*** Block opens ***

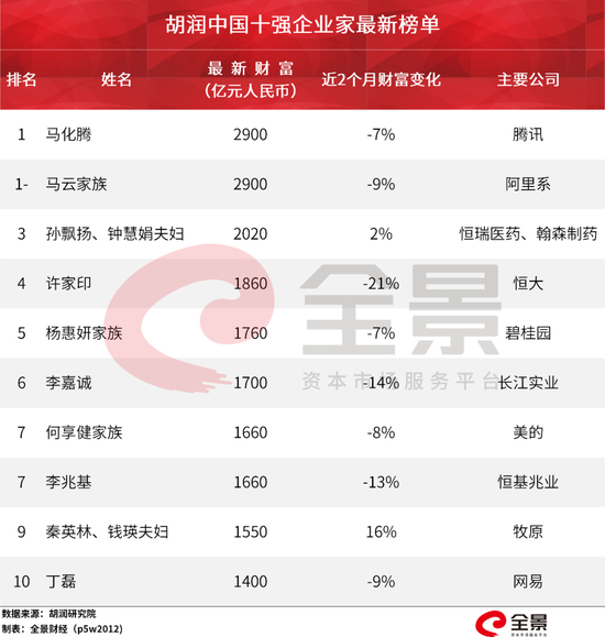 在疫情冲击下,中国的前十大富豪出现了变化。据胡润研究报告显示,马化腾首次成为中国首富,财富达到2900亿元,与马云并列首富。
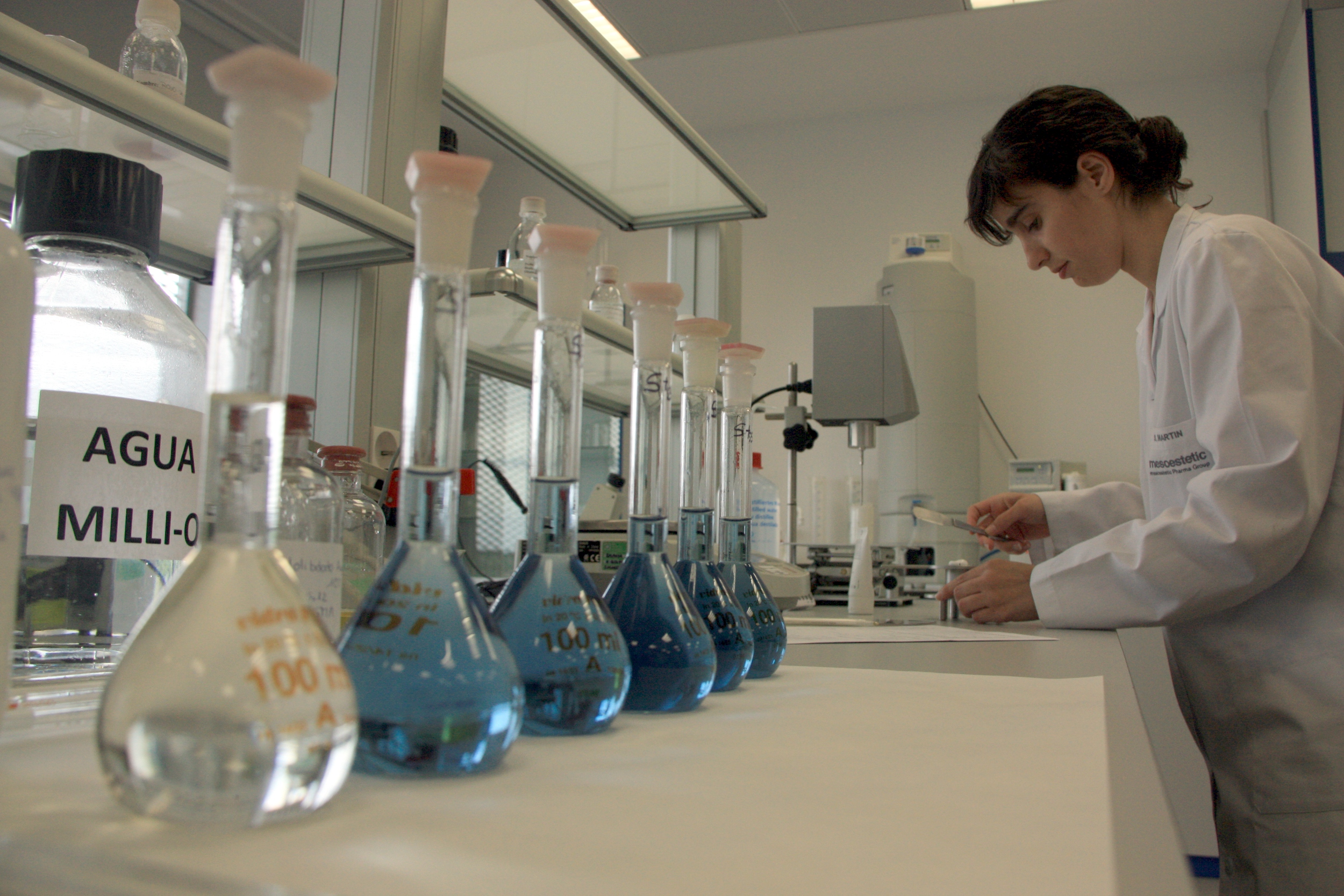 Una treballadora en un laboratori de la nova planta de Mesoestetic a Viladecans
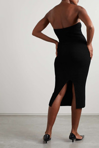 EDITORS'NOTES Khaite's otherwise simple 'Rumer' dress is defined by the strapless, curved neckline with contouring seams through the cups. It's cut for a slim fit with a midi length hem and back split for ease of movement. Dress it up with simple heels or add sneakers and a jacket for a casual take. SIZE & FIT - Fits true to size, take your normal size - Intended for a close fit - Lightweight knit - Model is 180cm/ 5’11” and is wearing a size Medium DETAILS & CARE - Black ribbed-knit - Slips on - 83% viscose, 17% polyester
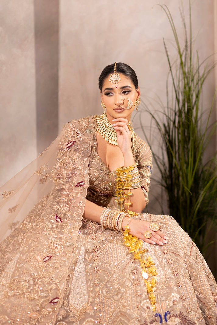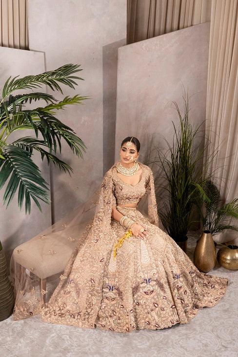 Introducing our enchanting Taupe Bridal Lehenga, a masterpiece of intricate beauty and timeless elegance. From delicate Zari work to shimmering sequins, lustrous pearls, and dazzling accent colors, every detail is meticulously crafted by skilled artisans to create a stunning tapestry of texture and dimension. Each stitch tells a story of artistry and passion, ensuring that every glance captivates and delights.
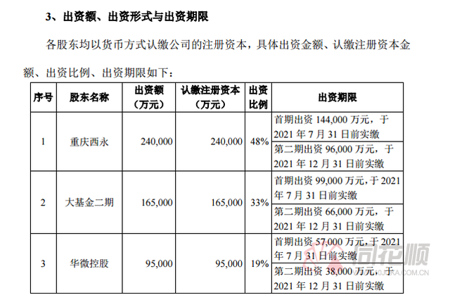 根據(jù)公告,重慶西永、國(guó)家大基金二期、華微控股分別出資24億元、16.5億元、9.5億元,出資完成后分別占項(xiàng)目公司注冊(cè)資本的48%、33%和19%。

*** Block closes ***
*** Block opens ***

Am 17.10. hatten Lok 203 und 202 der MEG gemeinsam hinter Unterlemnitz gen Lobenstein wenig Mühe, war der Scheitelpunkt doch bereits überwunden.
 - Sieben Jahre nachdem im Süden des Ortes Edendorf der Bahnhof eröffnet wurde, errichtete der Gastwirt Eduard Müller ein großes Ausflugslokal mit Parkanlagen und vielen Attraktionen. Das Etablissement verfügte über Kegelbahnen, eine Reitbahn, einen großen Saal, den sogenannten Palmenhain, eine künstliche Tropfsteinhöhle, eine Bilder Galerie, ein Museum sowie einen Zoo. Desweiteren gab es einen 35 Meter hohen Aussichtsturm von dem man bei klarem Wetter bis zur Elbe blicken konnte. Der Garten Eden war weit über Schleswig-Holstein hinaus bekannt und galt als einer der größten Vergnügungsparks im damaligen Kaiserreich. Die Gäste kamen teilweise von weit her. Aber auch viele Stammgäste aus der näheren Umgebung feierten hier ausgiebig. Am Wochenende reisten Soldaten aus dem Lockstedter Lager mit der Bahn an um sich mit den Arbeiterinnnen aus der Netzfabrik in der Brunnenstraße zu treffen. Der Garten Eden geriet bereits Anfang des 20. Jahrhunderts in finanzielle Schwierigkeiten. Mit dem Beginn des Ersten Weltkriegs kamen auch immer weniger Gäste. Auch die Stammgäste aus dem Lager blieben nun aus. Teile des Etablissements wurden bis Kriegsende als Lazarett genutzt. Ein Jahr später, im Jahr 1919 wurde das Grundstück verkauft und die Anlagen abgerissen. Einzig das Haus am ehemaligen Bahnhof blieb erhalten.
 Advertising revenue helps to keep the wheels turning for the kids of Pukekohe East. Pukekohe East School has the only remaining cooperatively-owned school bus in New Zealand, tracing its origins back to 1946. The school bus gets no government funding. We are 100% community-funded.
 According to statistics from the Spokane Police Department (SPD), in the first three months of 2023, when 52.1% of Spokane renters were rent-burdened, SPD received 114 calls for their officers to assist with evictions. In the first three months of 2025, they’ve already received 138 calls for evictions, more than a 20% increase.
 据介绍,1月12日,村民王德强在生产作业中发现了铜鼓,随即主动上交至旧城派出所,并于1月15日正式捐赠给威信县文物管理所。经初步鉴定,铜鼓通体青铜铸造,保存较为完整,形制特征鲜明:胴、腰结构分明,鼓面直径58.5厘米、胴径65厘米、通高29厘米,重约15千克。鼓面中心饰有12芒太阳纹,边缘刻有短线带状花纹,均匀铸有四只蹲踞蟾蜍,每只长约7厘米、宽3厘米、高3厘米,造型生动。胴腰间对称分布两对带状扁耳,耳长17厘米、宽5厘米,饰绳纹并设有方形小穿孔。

*** Block closes ***

= Prompt =
What is asked for is an exact copy of the lines above from the one containing "Advertising revenue helps" through the one containing "据介绍,1月12日,村民王德", and only those.

= Exercise answer =
 Advertising revenue helps to keep the wheels turning for the kids of Pukekohe East. Pukekohe East School has the only remaining cooperatively-owned school bus in New Zealand, tracing its origins back to 1946. The school bus gets no government funding. We are 100% community-funded.
 According to statistics from the Spokane Police Department (SPD), in the first three months of 2023, when 52.1% of Spokane renters were rent-burdened, SPD received 114 calls for their officers to assist with evictions. In the first three months of 2025, they’ve already received 138 calls for evictions, more than a 20% increase.
 据介绍,1月12日,村民王德强在生产作业中发现了铜鼓,随即主动上交至旧城派出所,并于1月15日正式捐赠给威信县文物管理所。经初步鉴定,铜鼓通体青铜铸造,保存较为完整,形制特征鲜明:胴、腰结构分明,鼓面直径58.5厘米、胴径65厘米、通高29厘米,重约15千克。鼓面中心饰有12芒太阳纹,边缘刻有短线带状花纹,均匀铸有四只蹲踞蟾蜍,每只长约7厘米、宽3厘米、高3厘米,造型生动。胴腰间对称分布两对带状扁耳,耳长17厘米、宽5厘米,饰绳纹并设有方形小穿孔。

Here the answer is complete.